Mutation of the nucleotide binding motifs of Cfd1 and Nbp35 leads to defective Fe-S cluster loading. A and B, ⁵⁵Fe incorporation into endogenous Leu1 was followed as described in Fig. 2A for Gal-CFD1 cells (A) and Gal-NBP35 (B) cells grown in galactose- or glucose-containing minimal medium as indicated. C, ⁵⁵Fe incorporation into plasmid-encoded Cfd1-TAP or its K31A mutant version was measured in Gal-CFD1 cells grown in galactose- or glucose-containing minimal medium as indicated.
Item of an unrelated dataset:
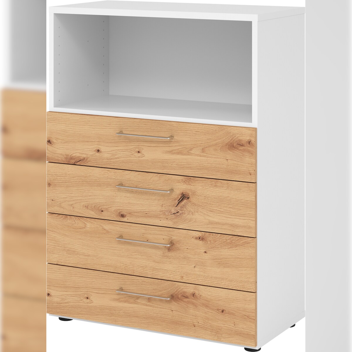 bümö smart Schubladenschrank, Büroschrank 80cm breit in Weiß/Eiche mit 4 Schüben - Bürocontainer aus Holz, Container mit Metallgriffen & Soft-Stop
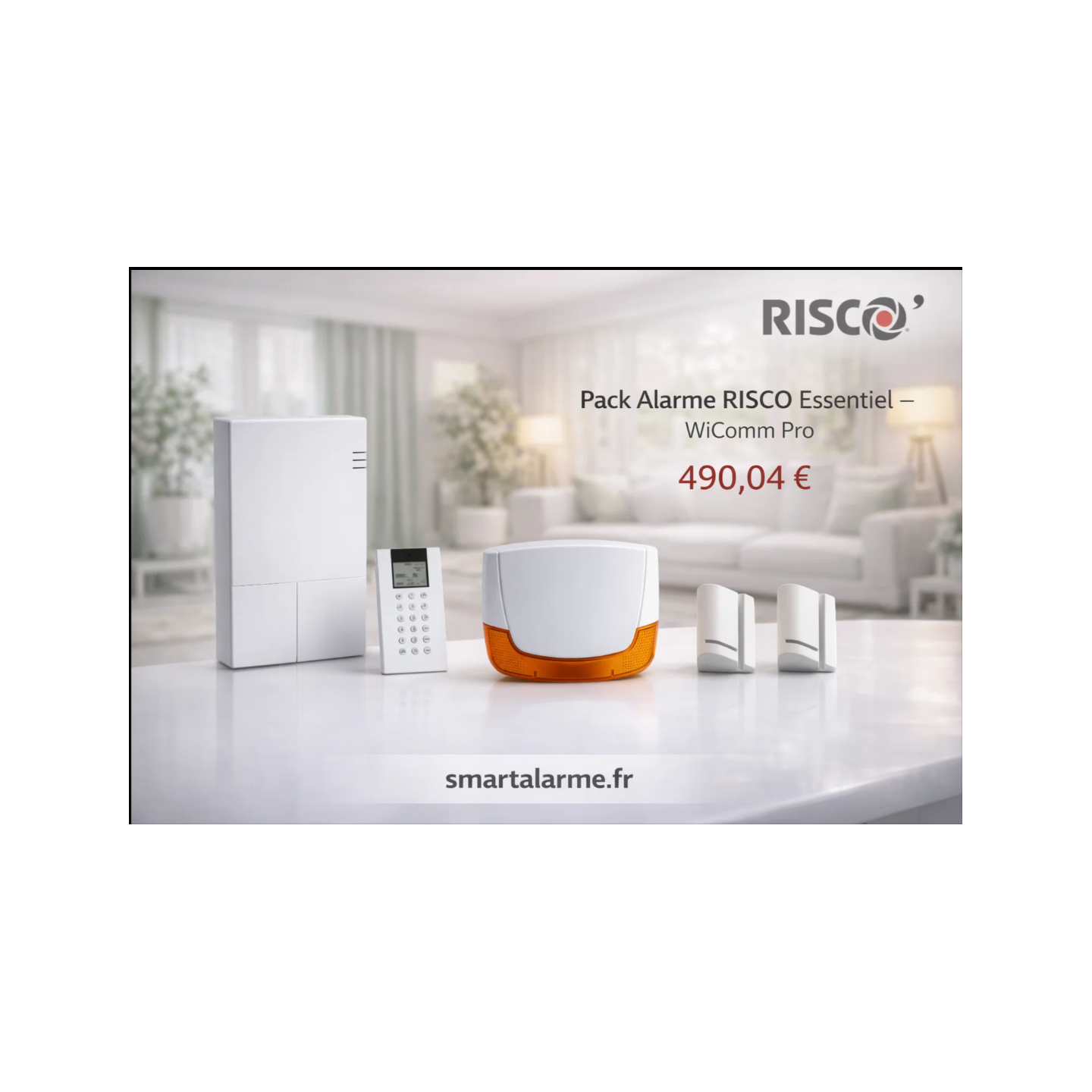 Pack Alarme Risco Essentiel complet : 1 centrale WiComm Pro, 1 clavier filaire Panda avec badge, 1 sirène extérieure LuMIN8, 1 télécommande bidirectionnelle, 2 contacts magnétiques sans fil. Système évolutif et pilotable à distance via l’application iRISCO. Idéal pour sécuriser maison ou local professionnel.

D, ⁵⁵Fe incorporation into plasmid-encoded Nbp35-TAP or its K86A mutant version was estimated in Gal-NBP35 cells as described in C. In C and D the background values (around 2 × 10³ cpm/g cells) obtained with empty plasmids were subtracted. Immunostaining of Leu1, Cfd1, and Nbp35 in cell extracts is shown at the bottom of the panels. For all panels 424 plasmids under the control of the TDH3 promoter were used.

FIGURE 9.

Model depicting the two possible geometries for the Cfd1-Nbp35 hetero-tetrameric scaffold complex in the holo form. The N-terminal (N) [4Fe-4S] clusters of Nbp35 and the proposed bridging (B) [4Fe-4S] clusters are indicated. See “Discussion” for further details.